To identify patients with lymphoma at risk for tumor lysis after chemotherapy.


The case records of 102 patients receiving combination chemotherapy for non-Hodgkin's lymphoma (intermediate to high-grade histology) were reviewed. Patients were considered to have "laboratory tumor lysis" if two of the following metabolic changes occurred within 4 days of treatment: a 25% increase in the serum phosphate, potassium, uric acid, or urea nitrogen concentrations, or a 25% decline in the serum calcium concentration. "Clinical tumor lysis" was defined as laboratory tumor lysis plus one of the following: a serum potassium level greater than 6 mmol/L, a creatinine level greater than 221 mumol/L, or a calcium level less than 1.5 mmol/L, the development of a life-threatening arrhythmia, or sudden death.

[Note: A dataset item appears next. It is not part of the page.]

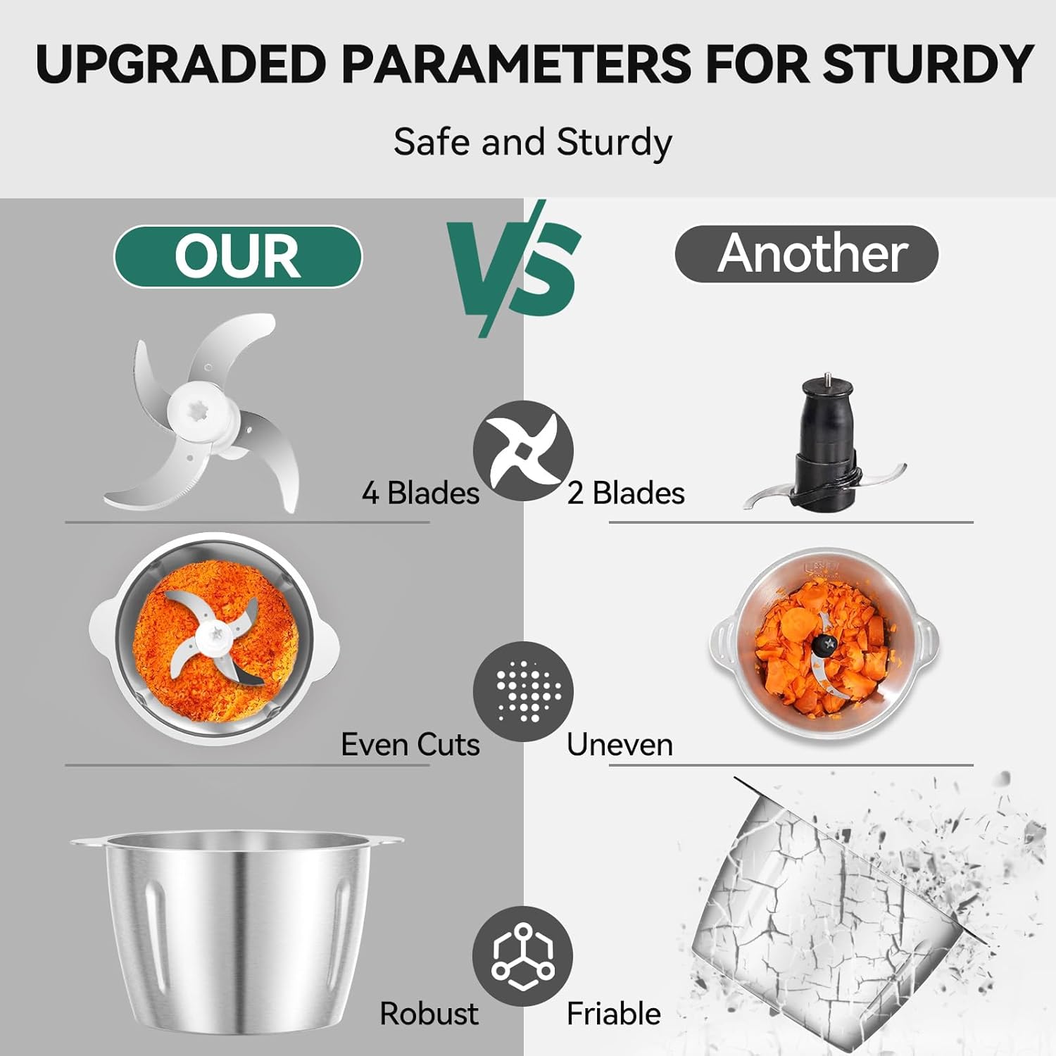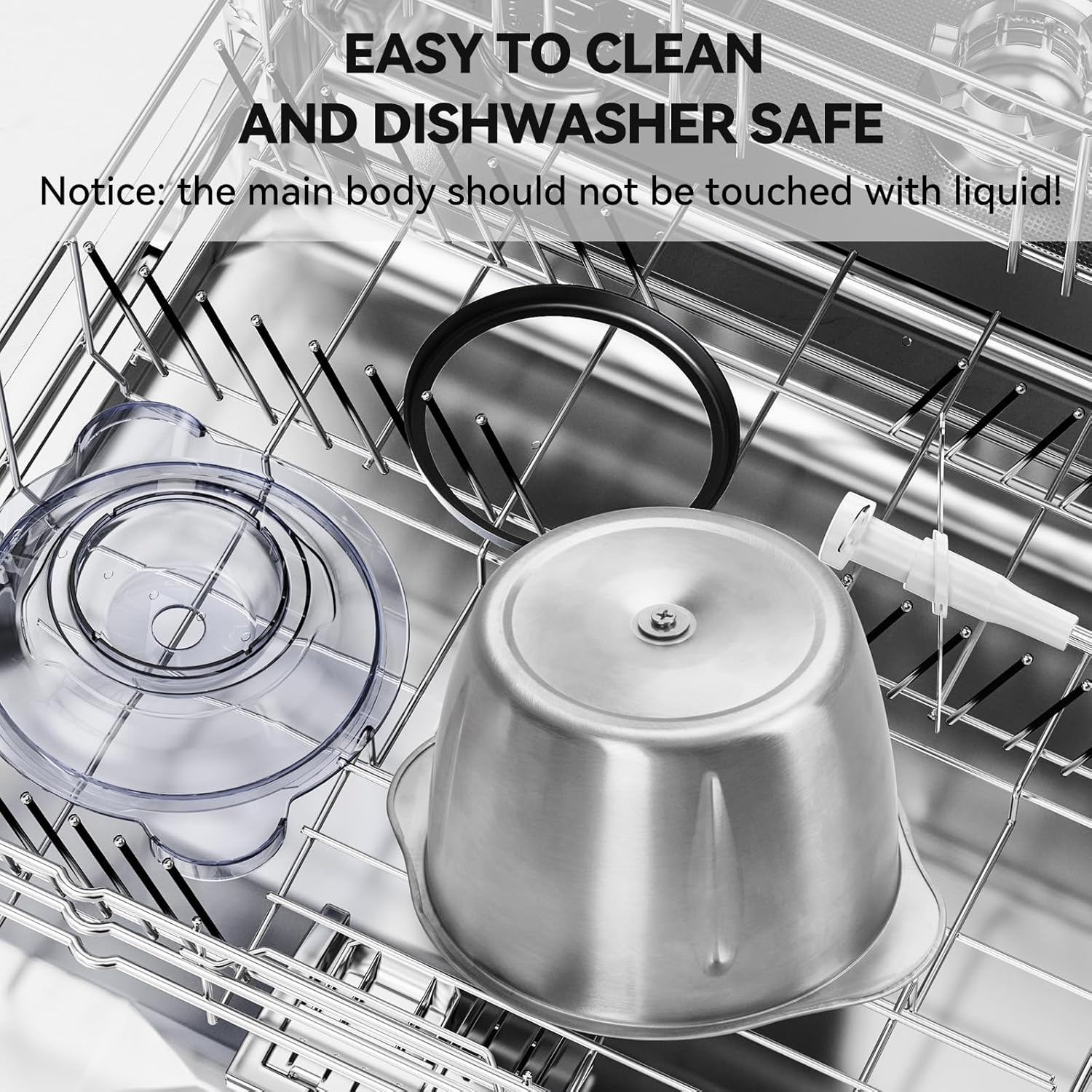 - 8 Cup Stainless Steel Food Chopper: This meat grinder electric with a 8 Cup bowl, can grind 2-4 lbs of meat at a time. Unlike glass bowl, it is lighter and stronger, with better shock resistance and durability. It can be washed by dishwasher, also can be sterilized at high temperature

Laboratory tumor lysis occurred in 42% of patients and clinical tumor lysis in 6%. There was no statistical difference in the frequency of either tumor lysis syndrome among lymphoma subgroups. Clinical tumor lysis occurred more frequently in patients with pretreatment renal insufficiency (serum creatinine level greater than 132 mumol/L) than in patients with normal renal function (36% versus 2%; p = 0.01). The development of azotemia correlated with high pretreatment serum lactate dehydrogenase concentrations (p < 0.01; r2 = 0.11).


Clinically significant tumor lysis is a rare occurrence in patients with lymphoma when they are receiving allopurinol. However, tumor lysis can occur in patients with all types of moderate to high-grade non-Hodgkin's lymphoma. Patients with a high serum lactate dehydrogenase level or renal insufficiency are at increased risk for metabolic complications after chemotherapy and should be closely monitored.